(Beginning of Records for this task)

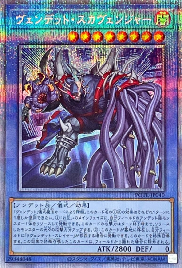 「ヴェンデット」儀式魔法カードにより降臨。このカード名の12の効果はそれぞれ1ターンに1度しか使用できない。1:お互いのメインフェイズに、自分フィールドのアンデット族モンスター1体をリリースして発動できる。このカードの攻撃力はターン終了時まで、リリースしたモンスターの元々の攻撃力分アップする。2:このカードが墓地に存在し、自分フィールドに「リヴェンデット・スレイヤー」が存在する場合に発動できる。このカードを特殊召喚する。この効果で特殊召喚したこのカードは、フィールドから離れた場合に除外される。
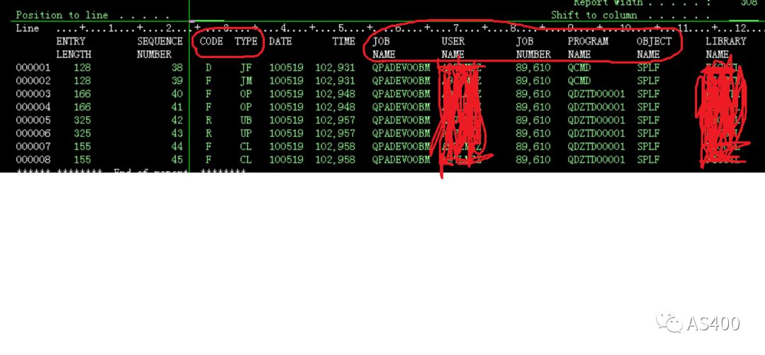 最最关键的,最后一个字段specific data,会存放before after image.某些关键时候的救火就指望这个了。划重点:DSPJRN OUTPUT(*) 和OUTPUT(*OUTFILE) 看到的不太一样,type1显示的内容又点意外呢,可以试试用以下command:
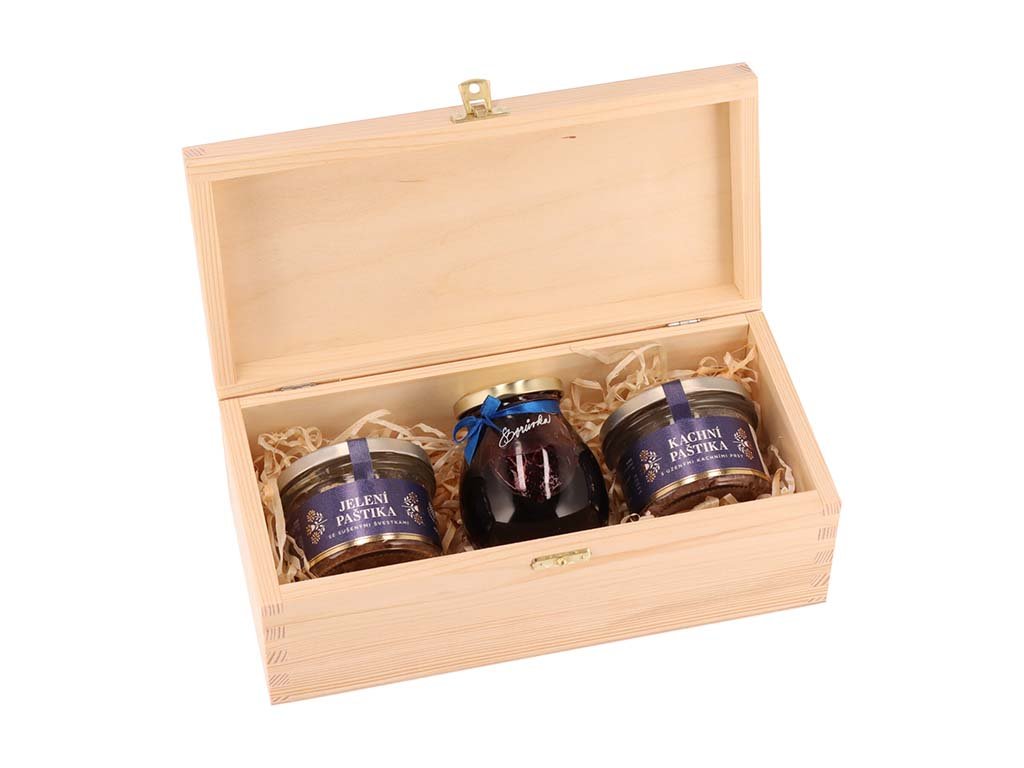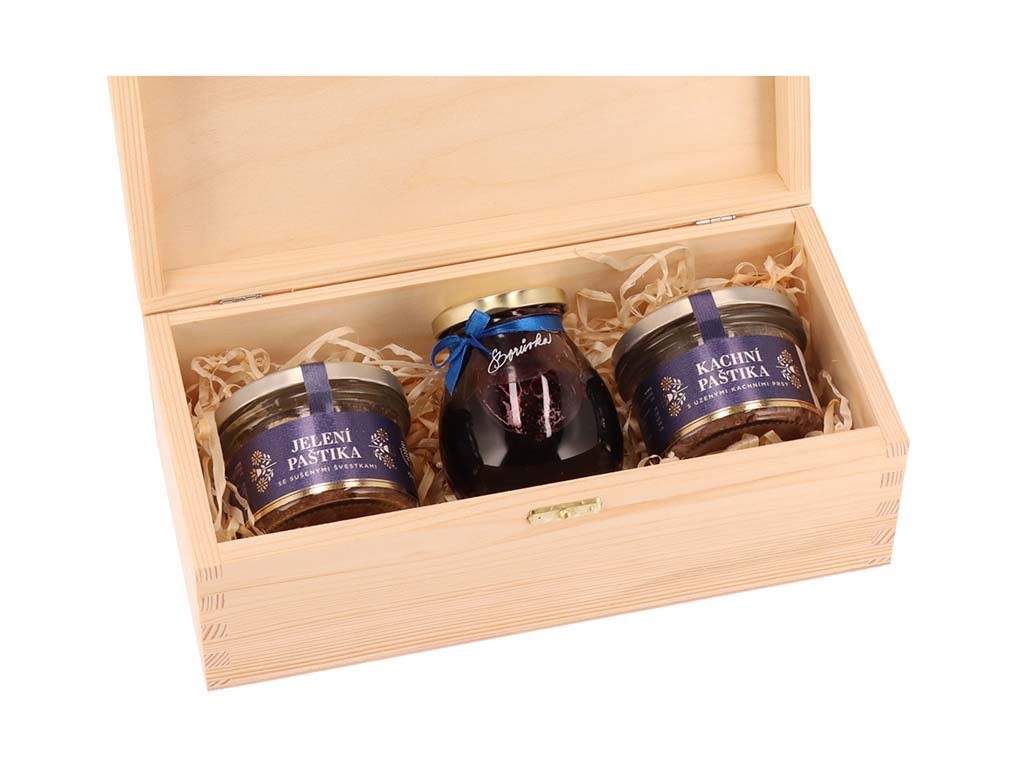 Darčekové balenie dvoch paštét a čučoriedkového džemu ocení každý milovník dobrého jedla, pretože táto kombinácia tvorí jedinečný gurmánsky zážitok. Balenie pre vás na želanie doplníme gravírovaným textom aj obrázkom, a tak získate originálny darček, ktorý zaručene poteší.
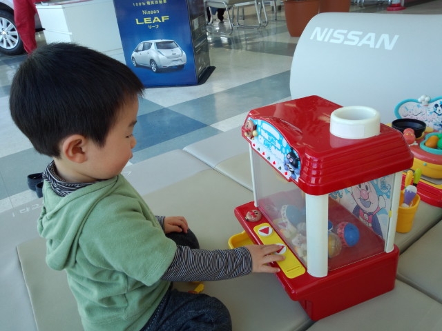 ミッキー連れでどうしようかと思ったのですが、日産に置いてあったおもちゃにかなりはまって、助かりました..。
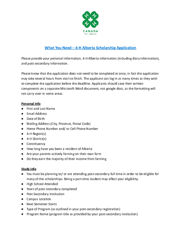What You Need 4H Alberta Scholarship Application Please provide your personal information, 4H Alberta information (including diary information), and postsecondary information. Please know that the
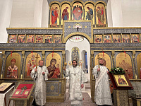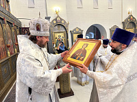 По окончании Божественной литургии с приветственным словом к архиепископу Фоме обратился настоятель храма иерей Александр Коновалов и в знак благодарности от настоятеля и прихожан храма преподнес икону вмч. Екатерины, после чего Владыка Фома обратился с Архипастырским словом к собравшимся
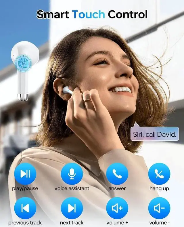 [SMART TOUCH & IPX5 WATERPROOF]: With Smart Touch, you can easily control play/pause, skip to previous/next track, adjust volume, answer/end calls, enable voice assistant and more. In addition, the two earbuds can be used individually or shared with a partner, perfect for safe driving, work, dating, etc. IPX5 rated sweat protection prevents damage to the earbuds from sweat and light raindrops, so you don't have to worry about it, even during intense exercise!
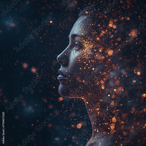 Fototapeta premium Dreamlike portrait of a figure dissolving into stars — visual metaphor of...
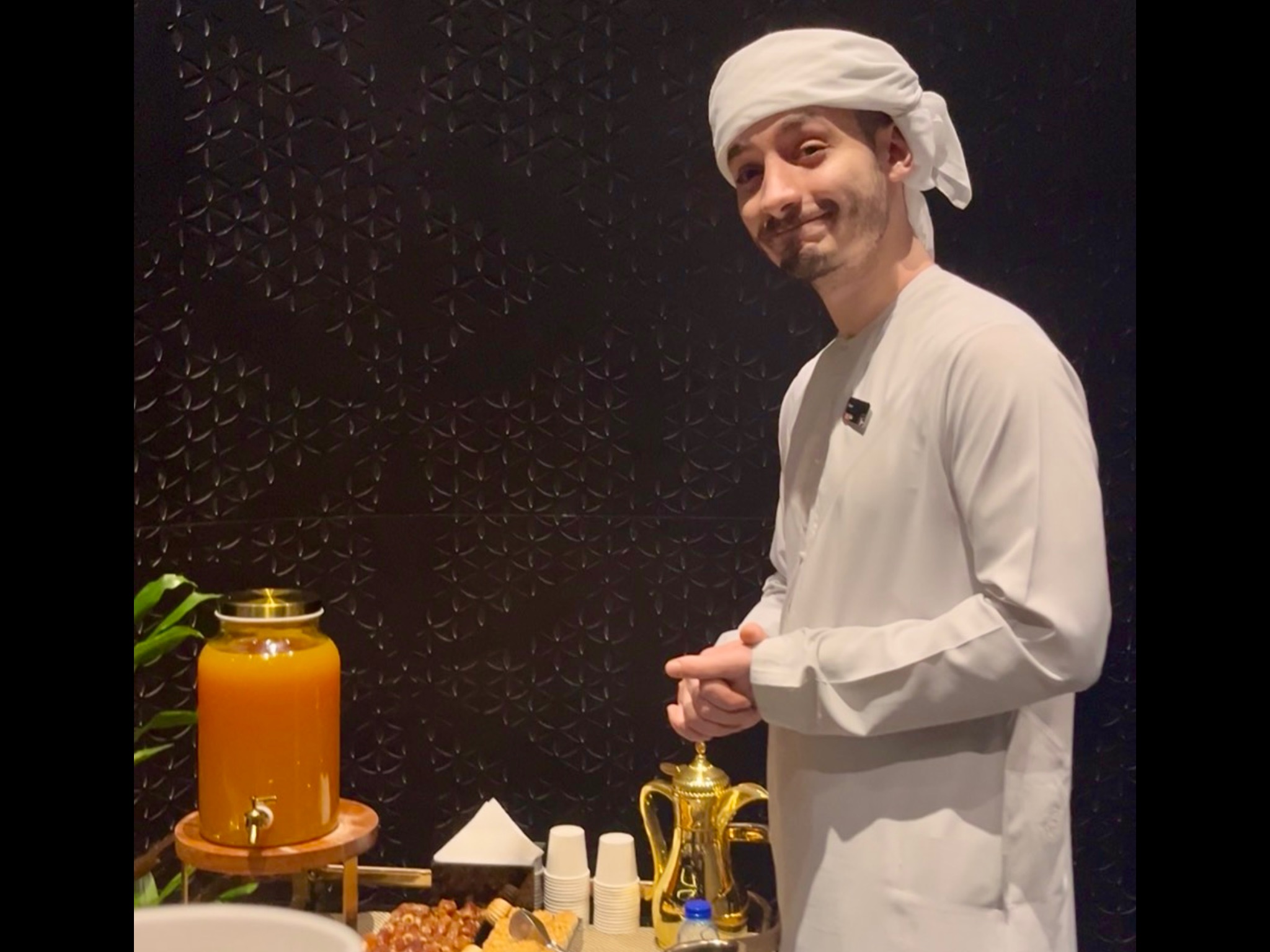 グラスが空いたら次の飲み物もオーダー可能、デーツや焼き菓子もおかわりが自由です。
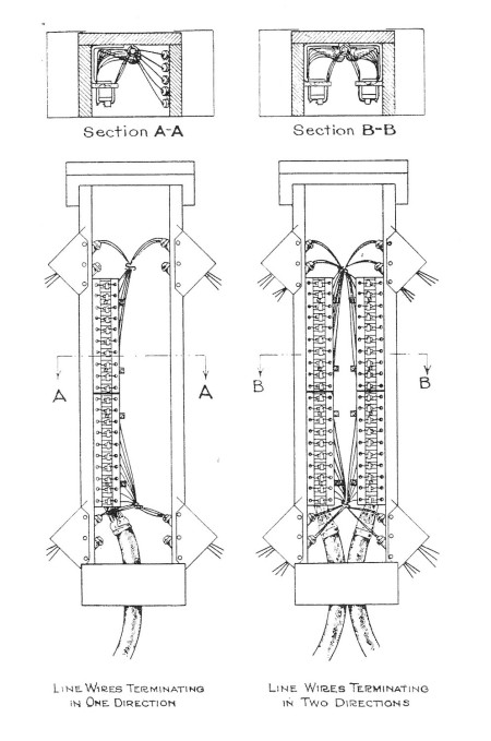 Junction between an open wire lead and a pulp multi-pair cable on H-fixture Terminal Structure. Taken from suggested specifications of the American Railway Association (now the Association of American Railroads). Circa: 1918.
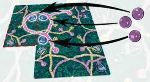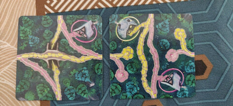 À partir d’une première tuile de départ, chaque joueur va alternativement poser une tuile chemin. Chaque joueur dispose d’une main de deux tuiles qu’il complètera à la fin de son tour.
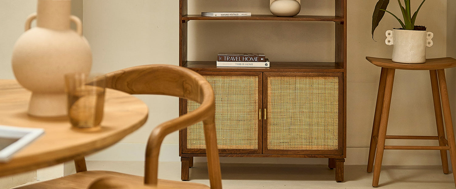 Le cannage est la touche lumineuse de la collection RAPHAEL. Le cannage diffuse une lumière douce et apaisante, créant une ambiance qui vous fait dire "ah, je suis bien à la maison". Il ajoute cette touche de tendresse dans un espace où l'élégance et l’authenticité règnent en maître.
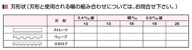 スカロブ・ウェーブ刃形=通称刃形で、上記の材質で梢々密な材料や更に密度の高い材料の加工に適し、切粉やゴミ、ホコリがでないで滑らかに切断ができます。
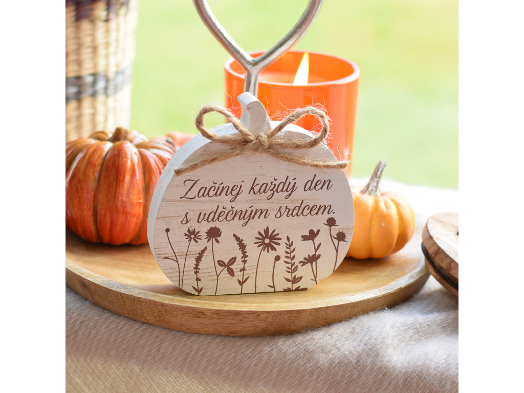 Hledáte originální dekoraci na podzimní aranžmá? Pak jste ji právě našli. Tato krásná dýně ze dřeva je pečlivě vyrobená v naší dílně a zdobí ji český nápis v podzimním duchu. Vyzdobte si na podzim svůj domov a vytvořte si útulnou atmosféru!   rozměr: 12 x 11 cm
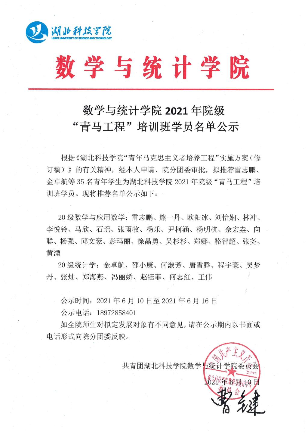 william威廉中文2021年院级“青马工程”培训班学员名单公示

(End of Records for this task)

_Task directions_
Above are the records; please give again, exactly and in full, only the lines that run from the line with "Junction between an" through the line with "スカロブ・ウェーブ刃形=通称", with no pictures.

_Answer space_
 Junction between an open wire lead and a pulp multi-pair cable on H-fixture Terminal Structure. Taken from suggested specifications of the American Railway Association (now the Association of American Railroads). Circa: 1918.
 À partir d’une première tuile de départ, chaque joueur va alternativement poser une tuile chemin. Chaque joueur dispose d’une main de deux tuiles qu’il complètera à la fin de son tour.
 Le cannage est la touche lumineuse de la collection RAPHAEL. Le cannage diffuse une lumière douce et apaisante, créant une ambiance qui vous fait dire "ah, je suis bien à la maison". Il ajoute cette touche de tendresse dans un espace où l'élégance et l’authenticité règnent en maître.
 スカロブ・ウェーブ刃形=通称刃形で、上記の材質で梢々密な材料や更に密度の高い材料の加工に適し、切粉やゴミ、ホコリがでないで滑らかに切断ができます。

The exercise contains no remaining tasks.